Again: this is not a local editor story.
The corpus includes work across laptops, remote servers, production-like paths, issue trackers, browser sessions, package managers, SSH, Docker, and GitHub-style workflows.
The future of AI coding is not just "the IDE gets smarter."
The future is that the agent can operate wherever the work actually lives, with permissions, auditability, and enough environmental context to avoid becoming dangerous.
Local-first matters. Remote execution matters. Source-of-truth storage matters. Credentials matter. RBAC matters. Logs matter.
The agent is not replacing the software delivery system. It is becoming a new operator inside it.
10. The biggest risk is plausible completion
After 245,306 tool calls, my strongest opinion is this:
The dangerous failure mode is not that the model cannot do the work.
The dangerous failure mode is that it can do 80% of the work, narrate the remaining 20% convincingly, and stop.
That is why verification has to become a first-class workflow object.
For any non-trivial task, the final answer should be grounded in evidence:
- What changed?
- What command verified it?
- What failed?
- What remains untested?
- What assumption is still open?
This is where hooks, checklists, CI, and strict completion rules matter. Not because they make the model smarter. Because they make it harder for the loop to end on vibes.

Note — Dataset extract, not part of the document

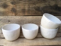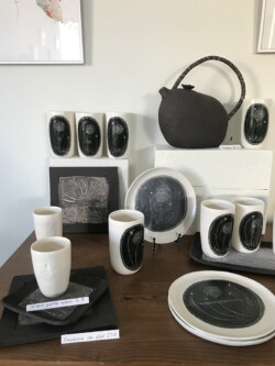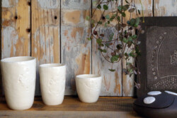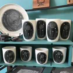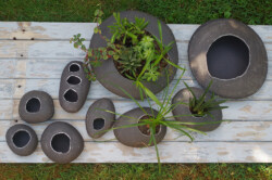 C’est en 2003, lorsque je me suis essayée à la poterie que le travail de la terre fut une révélation pour moi. Je me suis alors formée au métier de tourneur céramiste-potier. Le travail de la terre m’apporte beaucoup : patience, concentration, humilité, émerveillement… Ce que j’aime dans mon métier, c’est la diversité que je lui apporte. Je fabrique, je vends, je transmets, je partage, je rencontre… Mes céramiques sont inspirées par la nature et on les reconnait par leurs contrastes, blanc et noir, doux et rugueux, lisse et texturé, mat et brillant et également grâce à cette petite étoile sous chaque pot qui est l’empreinte d’une graine de coquelicot.

11. The new skill is not prompting. It is loop design.
Prompting still matters.
But after this analysis, I think "prompt engineering" is too small a frame for serious coding agents.
The higher-leverage work is loop design:
- What tools exist?
- What do they return?
- Which tools can run in parallel?
- What permissions are required?
- What context is loaded by default?
- What gets cached?
- What gets written to memory?
- What must be verified before completion?

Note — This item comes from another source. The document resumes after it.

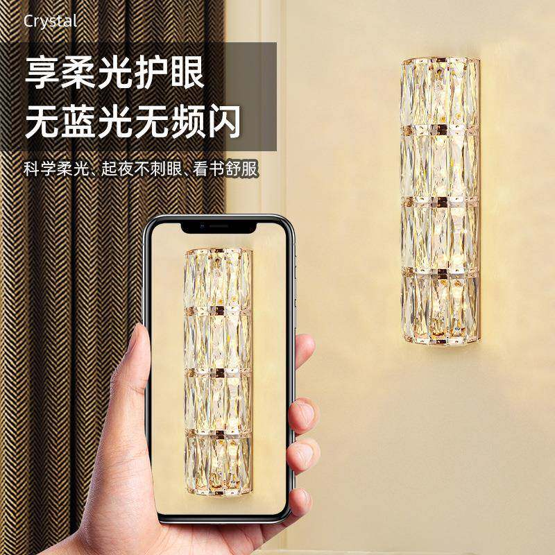 卧室床头灯水晶壁灯简约现代客厅背景墙欧式轻奢餐厅房间楼梯壁灯

- What should stop the agent?
- What should force a human decision?
The model is one component. The loop is the system.
Most bad agent behavior is not a model problem in isolation. It is a loop problem:
- bad tool output
- missing tests
- unclear permissions
- stale docs
- hidden state
- noisy logs
- no stop condition
- no verification gate
If you want better AI coding results, improve the loop.
12. The practical operating rules I took away
Here is the short version I would give any team rolling this out seriously:
- Treat Claude Code as a shell operator, not just a coding assistant.
- Make repo commands boring, fast, and documented.
- Prefer structured tool output over prose.
- Make the agent read before it edits.
- Keep plans tied to executable next steps.
- Use subagents for independent fan-out, not vague delegation.
- Search the web for unstable external facts; search the repo for local truth.
- Make failure outputs legible.
- Never let "done" mean "the model says it is done."
- Track the loop, not just the prompt.
The punchline
The real shift is not that AI can write code.
The real shift is that AI can operate the development environment.
That is much bigger and much messier.
Writing code is one act inside software work. Operating the loop includes reading, testing, failing, searching, editing, debugging, checking tickets, using the browser, moving across machines, and proving the result.
245,306 tool calls later, I trust the loop more than the answer.
The answer is cheap.
The loop is where the truth shows up.
Methodology note
I analyzed Claude Code JSONL transcripts stored in object storage. The raw blob store contained 13,782 blobs and 23.8 GB. Because many blobs are repeated snapshots of growing session transcripts, the analytic corpus deduped to the latest blob per session ID: 6,120 files and 4.9 GB.
I counted assistant content blocks with type = tool_use as tool calls. I counted type = tool_result blocks separately. Transcript rows with type = user are not all human prompts; most are tool-result carrier messages. That distinction is why I report both user rows and human user rows.
The corpus spans blob dates from 2026-01-12 through 2026-05-04, 113 calendar days inclusive, with 105 active blob days. Event timestamps inside the transcripts range from 2025-11-25 through 2026-05-04 because some session files preserve older conversation history.